### Your assignment
Skip the pictures. Set down, word for word, the lines from the start of the material up to and including the line with "ALO Yoga Highline".

### Extracted data
▼▼▼

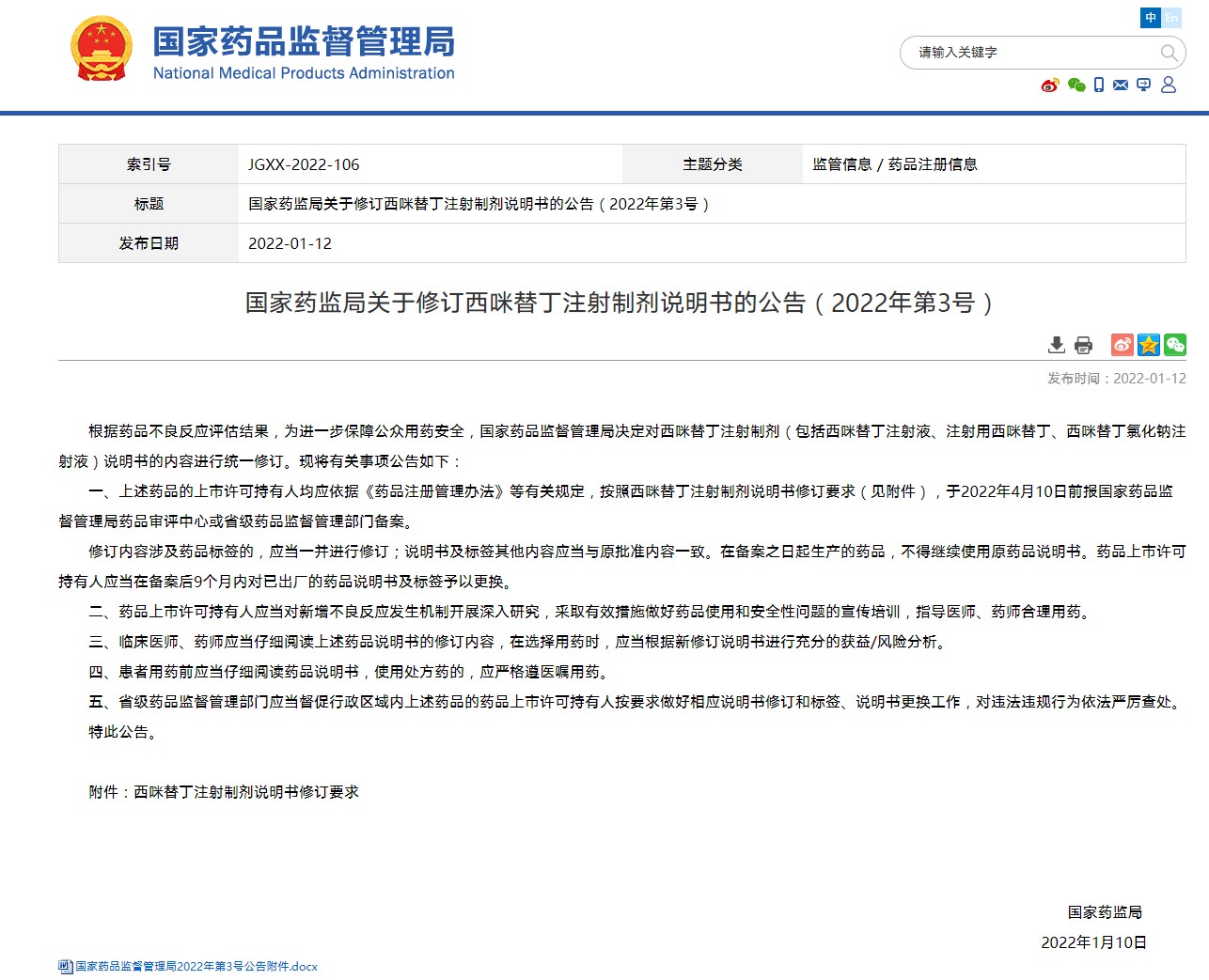 國家藥監(jiān)局關于修訂西咪替丁注射制劑說明書的公告
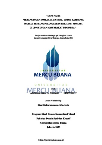 MUZAINI, ABDULLAH AZAM AL (2023) PERANCANGAN KOMUNIKASI VISUAL UNTUK KAMPANYE DIGITAL TENTANG PELANGGARAN HAK ASASI MANUSIA DI LINGKUNGAN MASYARAKAT INDONESIA. S1 thesis, Universitas Mercu Buana Jakarta.
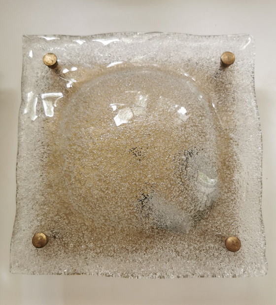 RARO! Applique quadrata di Murano del Mid-Century in vetro Graniglia, di forma ricurva su montatura in ottone, che emana una sublime luce dorata.
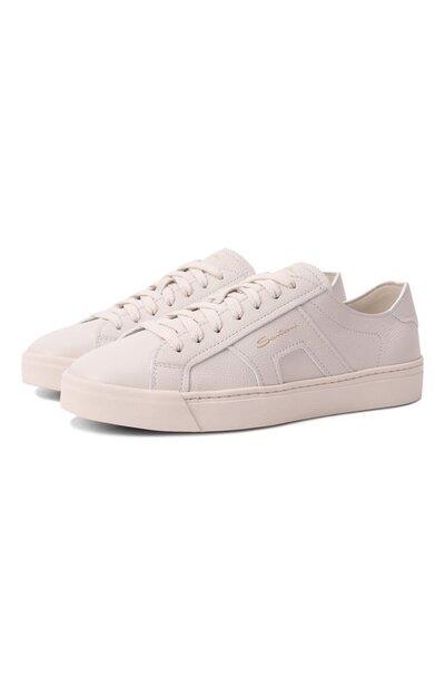 Кеды на подошве в тон выполнены из зернистой кожи, а частичная внутренняя отделка – из гладкой. Боковую панель в форме перемычки монков украсили золотистым логотипом. Фирменной символикой декорировали и язычок с RFID-меткой.
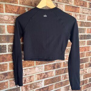 ALO Yoga Highline Fitted Crop Top with Unique Shoulder Design EUC
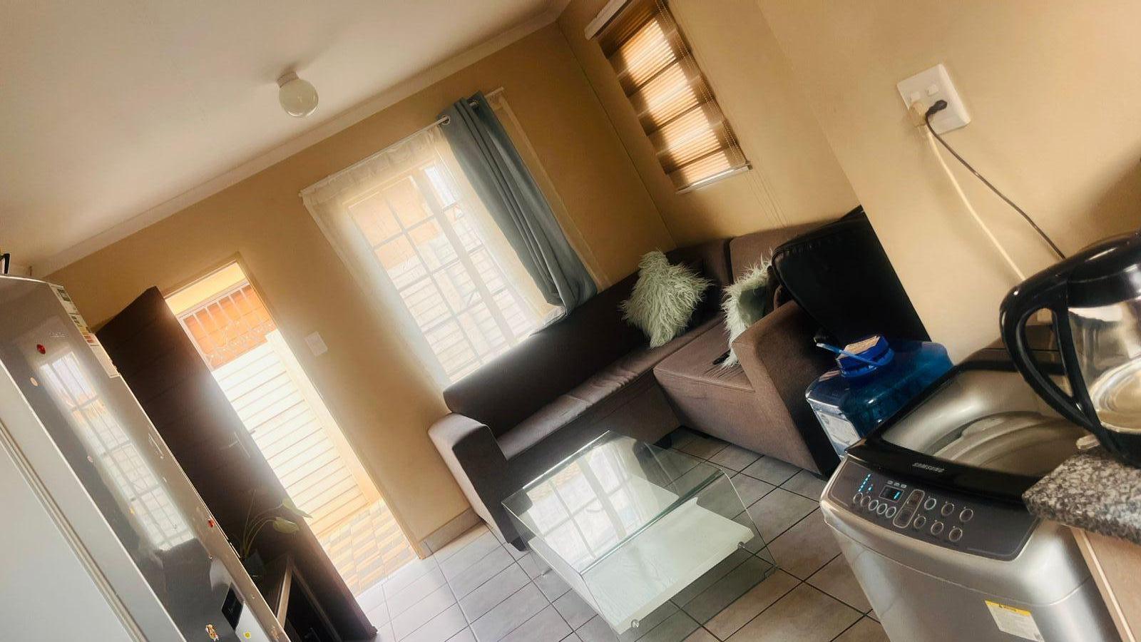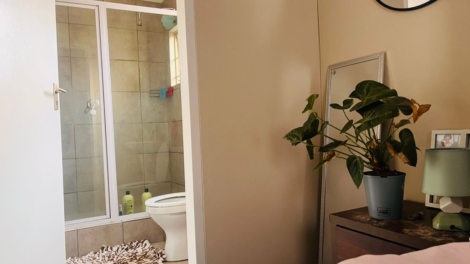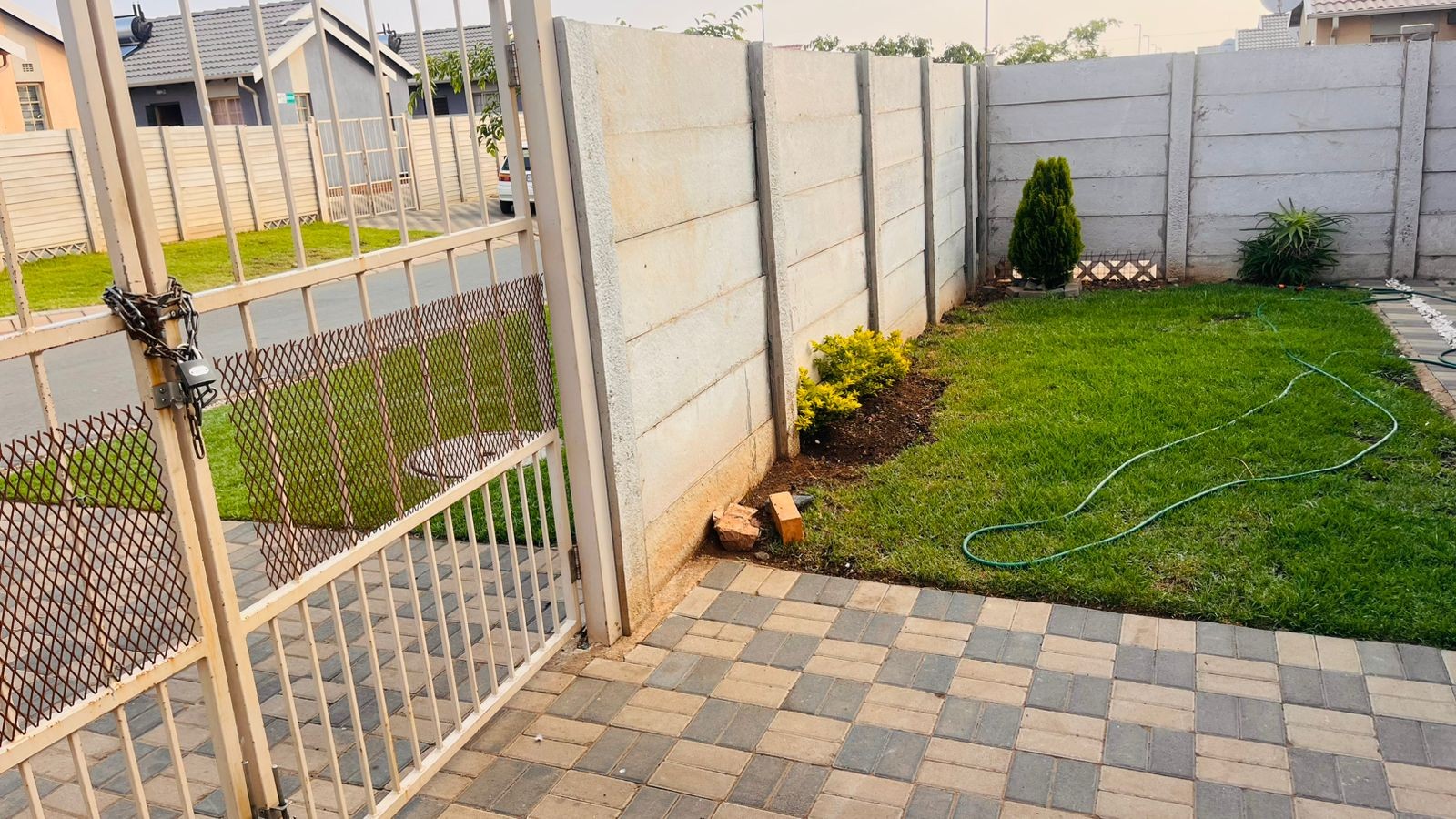 Upon entry, you are welcomed by a spacious open plan lounge and kitchen. The jaw-dropper remodelled open kitchen/living room plan is flawless for a buyer that is curious about what makes Sky City the supreme Alberton. From the attractive lounge entrance to the bedrooms, this house is tiled throughout for a comfortable living offering you a lifestyle of peace and tranquillity. The main bedroom has an en-suite bathroom tiled halfway to the ceiling. It has 2 bathrooms plus shower . The main ensuit has a shower inside and guest room a bathroom . Close to Sky City Mall and Royal Schools are within your reach.
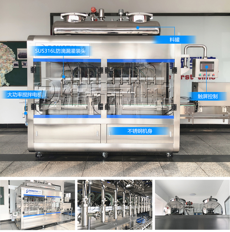 灌裝機采用活塞式灌裝原理,適用于調(diào)味品中帶顆粒并且濃度較大的辣椒醬、豆瓣醬、花生醬、香菇醬、果醬、牛油火鍋底料、紅油火鍋底料、蝦醬等較為粘稠醬類的灌裝。
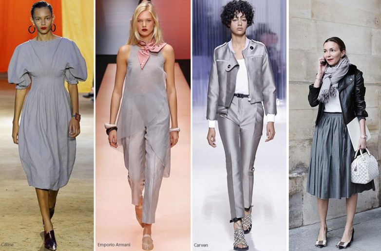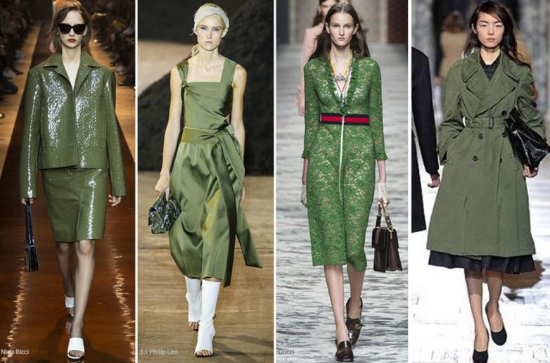 Стилисты словно смешивают зеленый и серый. Цвет завораживает, как глубина морского дна. Его можно носить обособленно, без дополнений, а можно сочетать и дополнять яркими акцентами, например, с желтым.

▲▲▲

### Task answer
 國家藥監(jiān)局關于修訂西咪替丁注射制劑說明書的公告
 MUZAINI, ABDULLAH AZAM AL (2023) PERANCANGAN KOMUNIKASI VISUAL UNTUK KAMPANYE DIGITAL TENTANG PELANGGARAN HAK ASASI MANUSIA DI LINGKUNGAN MASYARAKAT INDONESIA. S1 thesis, Universitas Mercu Buana Jakarta.
 RARO! Applique quadrata di Murano del Mid-Century in vetro Graniglia, di forma ricurva su montatura in ottone, che emana una sublime luce dorata.
 Кеды на подошве в тон выполнены из зернистой кожи, а частичная внутренняя отделка – из гладкой. Боковую панель в форме перемычки монков украсили золотистым логотипом. Фирменной символикой декорировали и язычок с RFID-меткой.
 ALO Yoga Highline Fitted Crop Top with Unique Shoulder Design EUC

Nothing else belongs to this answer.